Overall, the agency found that U.S. employment was flat last month, although cautioned that the data included 45,000 workers who were on strike and therefore counted as out of work. However, the health care sector continued to hire, slightly above its recent pace of about 25,000 new jobs per month. 

BLS reported that health care added 29,700 jobs in August, with 18,100 new positions in ambulatory care and 7,700 new jobs at hospitals. Overall, the health care sector has grown by 306,000 jobs across the past 12 months, representing about one-quarter of all new jobs created since August 2010.

Ambulatory care jobs continue to surge

More than 14.1 million people now work in the U.S. health care sector; nearly 6.2 million are in ambulatory health care services, about 4.8 million work in hospitals, and another 3.2 million work in nursing and residential care facilities.

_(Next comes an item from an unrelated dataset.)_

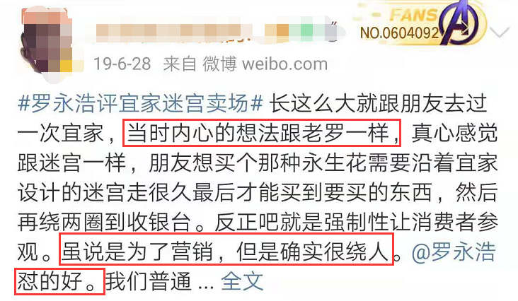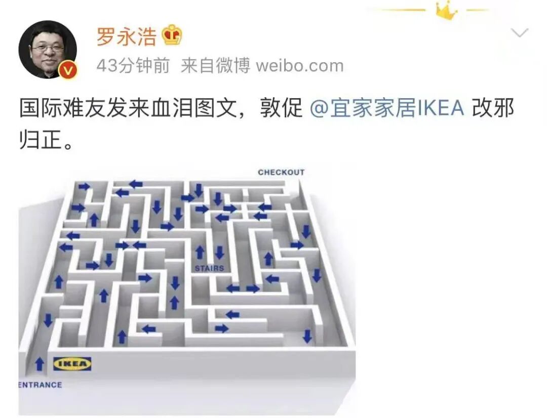 宜家的迷宫卖场营销的就是体验式消费,但在罗永浩看来似乎不太友好,老罗也曾一口气发了百条微博声讨宜家。起因是罗永浩带着老太太去宜家购物,无法用最短线路离开,于是上微博怼宜家迷宫般的卖场设计,更是cue了宜家改邪归正。不过透过网友的响应,罗永浩似乎也说出了大家的心声。星巴克不卖小杯是出于提高客单价考量,但老罗认为星巴克把消费者当傻X。
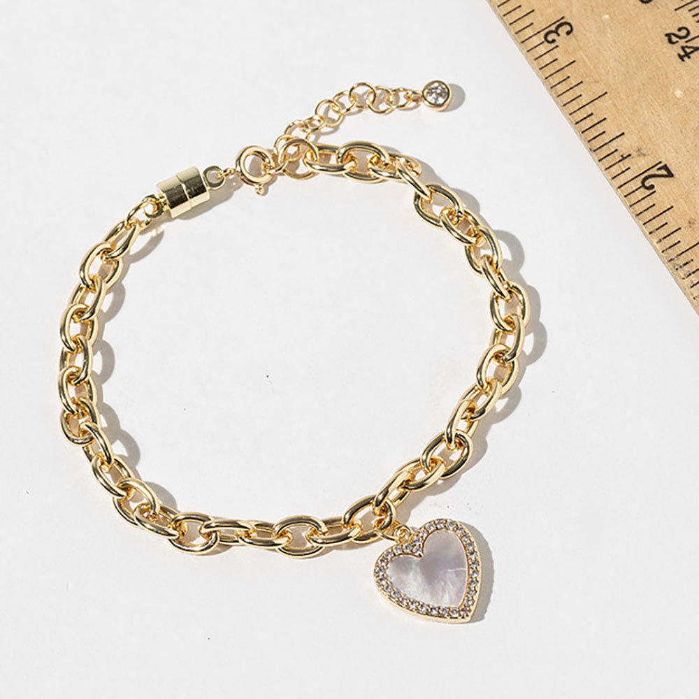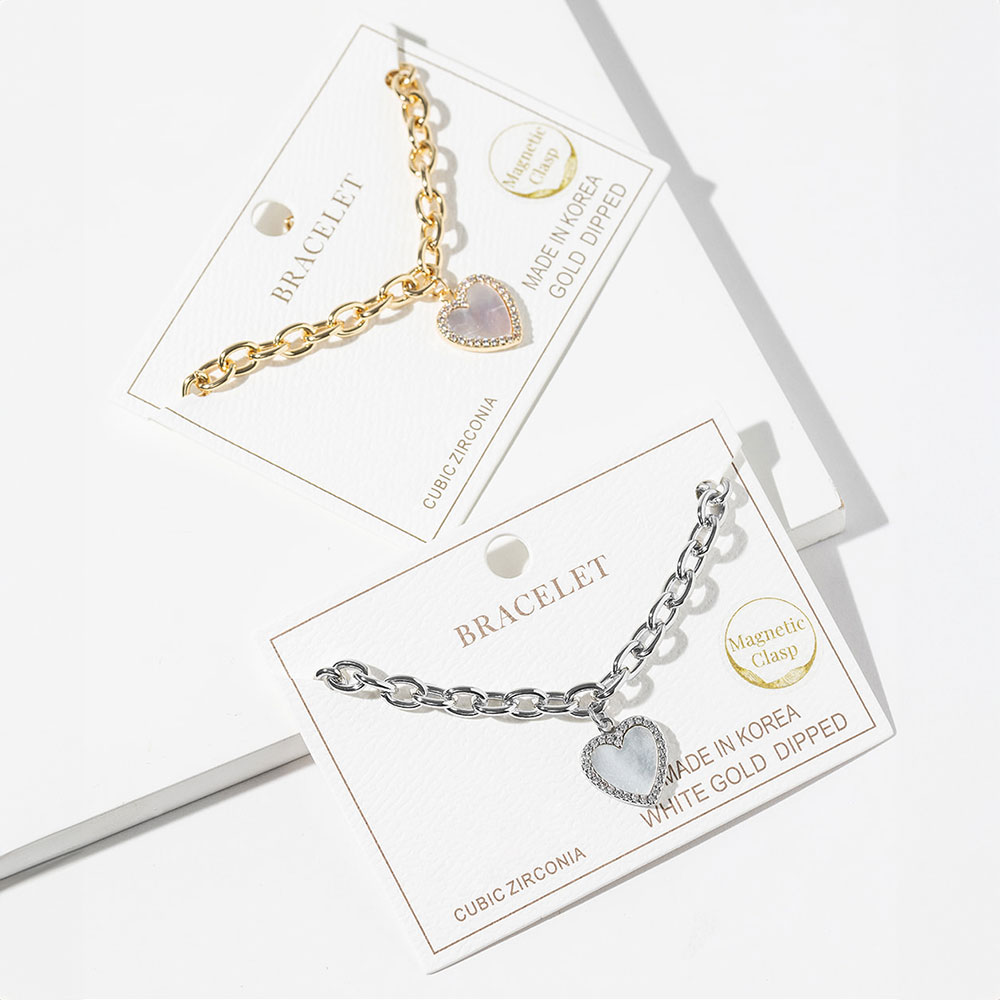 White Gold Dipped CZ Stone Rim Mother of Pearl Heart Charm Magnetic Chain Bracelet White Gold Dipped CZ Stone Rim Mother of Pearl Heart Charm Magnetic Chain Bracelet White Gold Dipped CZ Stone Rim Mother of Pearl Heart Charm Magnetic Chain Bracelet White Gold Dipped CZ Stone Rim Mother of Pearl Heart Charm Magnetic Chain Bracelet

In recent months, the growth rate of new jobs in ambulatory care has generally been double the job growth rate at hospitals. Ambulatory care jobs have grown by 2.9% in the past 12 months, whereas hospital jobs have grown 1.6%. While BLS revised down hospitals' job gains from July—suggesting that hospitals only added 11,000 jobs that month, rather than 14,000 positions—the agency also revised up its estimates on ambulatory care hiring. BLS now says that ambulatory care added 35,300 jobs since July began.

Fears that economic chill could catch up to health care

Some have warned that health care's days as a job-growth engine may wane, as providers pull back on capital investment and federal reimbursement cuts loom. A slew of hospitals recently cut staff and management positions, citing financial pressures (BLS release, 9/2).